Influenza is an infectious disease that primarily presents with respiratory signs and symptoms, caused by RNA viruses. The most significant impacts of influenza viruses on humans are those arising from the influenza A strains. The natural reservoir of influenza A strains is a diverse pool of viruses among aquatic wild bird populations, the avian influenza (AI) viruses. These viruses are divided into those of high and low pathogenicity (hence HPAI and LPAI), according to their severity in the avian species they usually infect. HPAI epizootics continue to be documented worldwide all due to the A/H5 and A/H7 virus groups.
Most but not all of cases of animal influenza in humans have been due to transmission from birds. Many millions of birds have died in huge epizootics either directly from the infection or from culling undertaken to control the infection. Outbreaks have rarely been due to the introduction of HPAI from wild birds, but these do occur. Since 2000 there have been more and larger outbreaks of HPAI in poultry. The reason for this is unknown. Both large and small outbreaks have taken place in Europe.
There are two forms of risk to the health of humans from avian influenza viruses, from infection by the native form of the avian influenza virus and from the potential for the emergence of new pandemic strains either directly from avian viruses, or from their recombination with human or other animal viruses.
Human Infections due to Avian Influenza - Zoonotic Transmission
Apart from the significant epidemics of A(H5N1) and A(H7N9), only a limited number of human cases associated with HPAI outbreaks in poultry have been reported since 1959, when such cases were first identified. There have been single cases of human disease in Europe arising from infection acquired from domestic poultry which mixed with wild birds. Low pathogenicity strains (LPAI) only seem to cause minor self-limiting illnesses in humans, except the A(H7N9) virus which is low pathogenic to birds but can cause severe disease in humans.
Avian influenza A(H7N9) in China
A novel influenza A avian influenza virus, A(H7N9), was identified in China in March 2013, causing severe illness in humans. This is the first time that human infection with a low pathogenic avian influenza A virus has been associated with fatal outcome in humans. Since then, cases continue to be reported in China.
Highly pathogenic avian influenza A(H5N1)

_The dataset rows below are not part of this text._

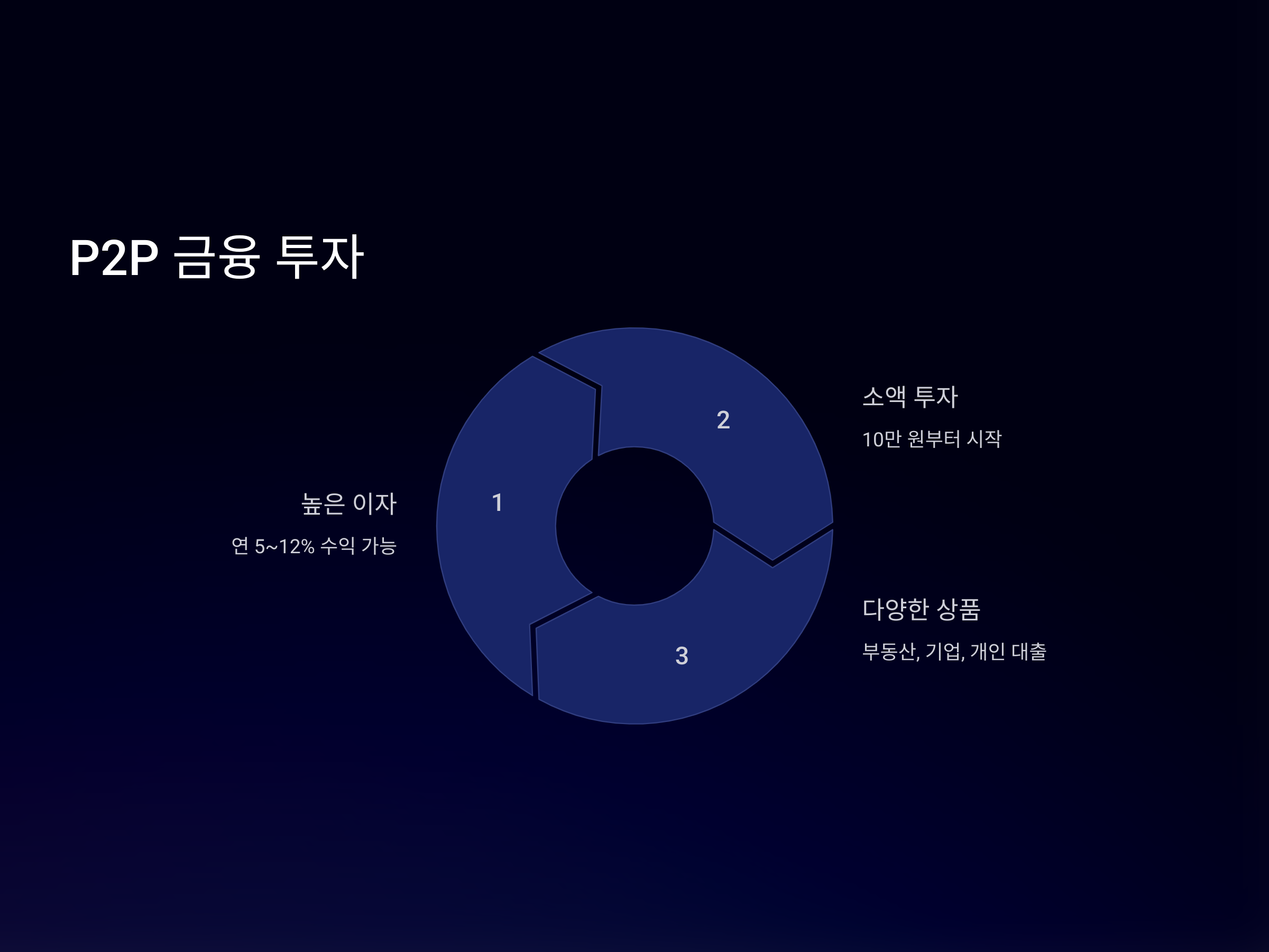 P2P(개인 간 대출) 금융은 투자자가 대출자에게 직접 돈을 빌려주고, 이자로 수익을 얻는 방식입니다. 은행 예금보다 높은 금리를 제공하며, 일정 기간 동안 정기적인 수익을 받을 수 있습니다.
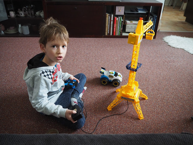 … neděle … byla klidná a doma. Bertík stavěl koleje, maloval, já jsem pletla. Adam se stavil pro vyprané prádlo …
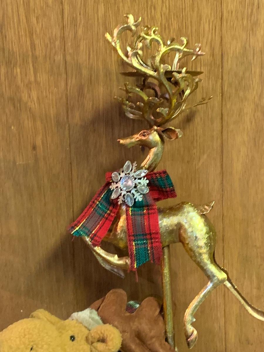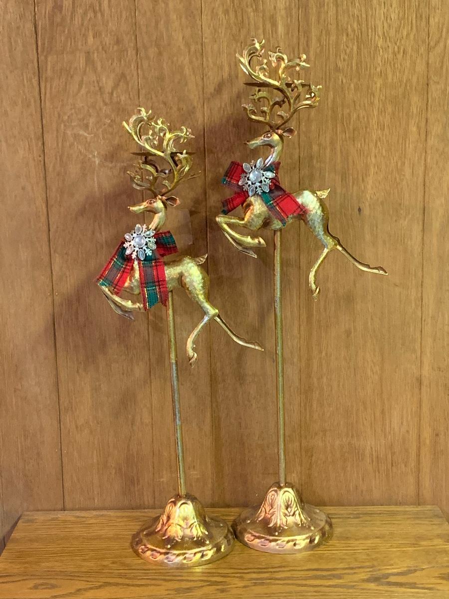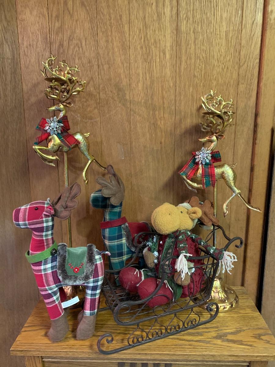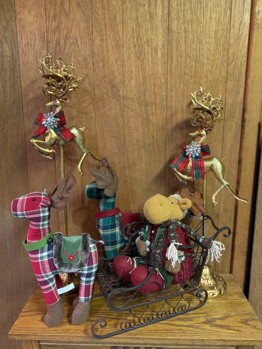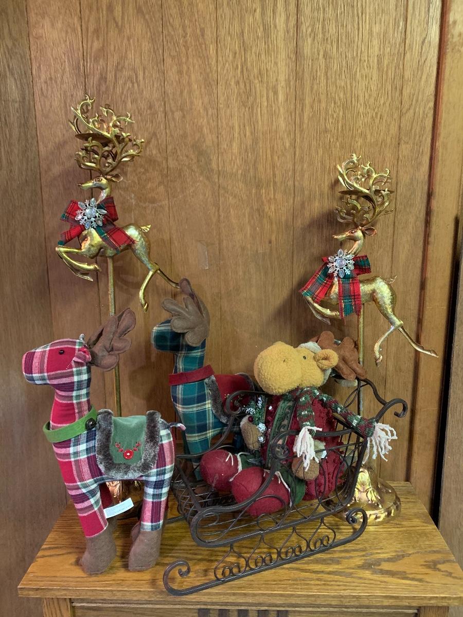 Tall gold tone deer candle holders come apart for easier storage, plaid deer, a moose with a metal sleigh to add to any holiday decorating.
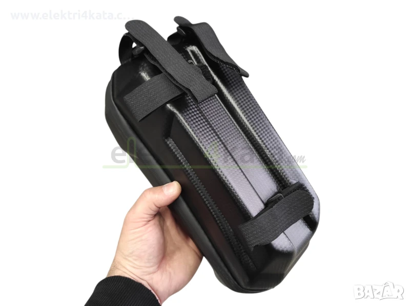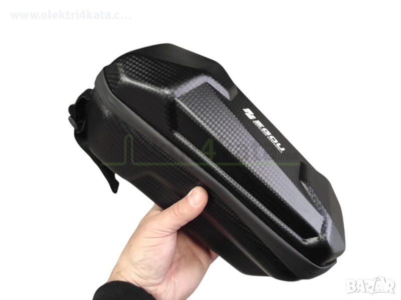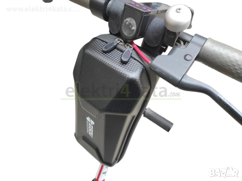 Чанта за тротинетка Карбон е водоустойчива с карбонов дизайн. Чантата се монтира на кормилото и ви предлага лесен достъп до най-необходимите ви вещи – телефон, зарядно, портфейл, ключове и др. Можете да я използвате върху почти всеки модел тротинетка.

Since 1997 a new and more lethal strain of HPAI viruses – A(H5N1) have affected poultry, initially in the Far East and later in Europe, Middle East and Africa. After 2003 it appeared in many Asian countries causing very large outbreaks in birds and a small number of severe human infections.
Occasionally, A(H5N1) infects humans in contact with infected poultry, and causes severe disease in humans. The A(H5N1) virus has not established in poultry in Europe because of high levels of biosafety. The A(H5N1) virus has not adapted to be able to infect humans easily or to transmit from person to person efficiently.
Pandemic Potential of avian influenza viruses: A(H5N1) as an example
Each novel influenza has to be evaluated for its potential to cause severe disease, a pandemic or both.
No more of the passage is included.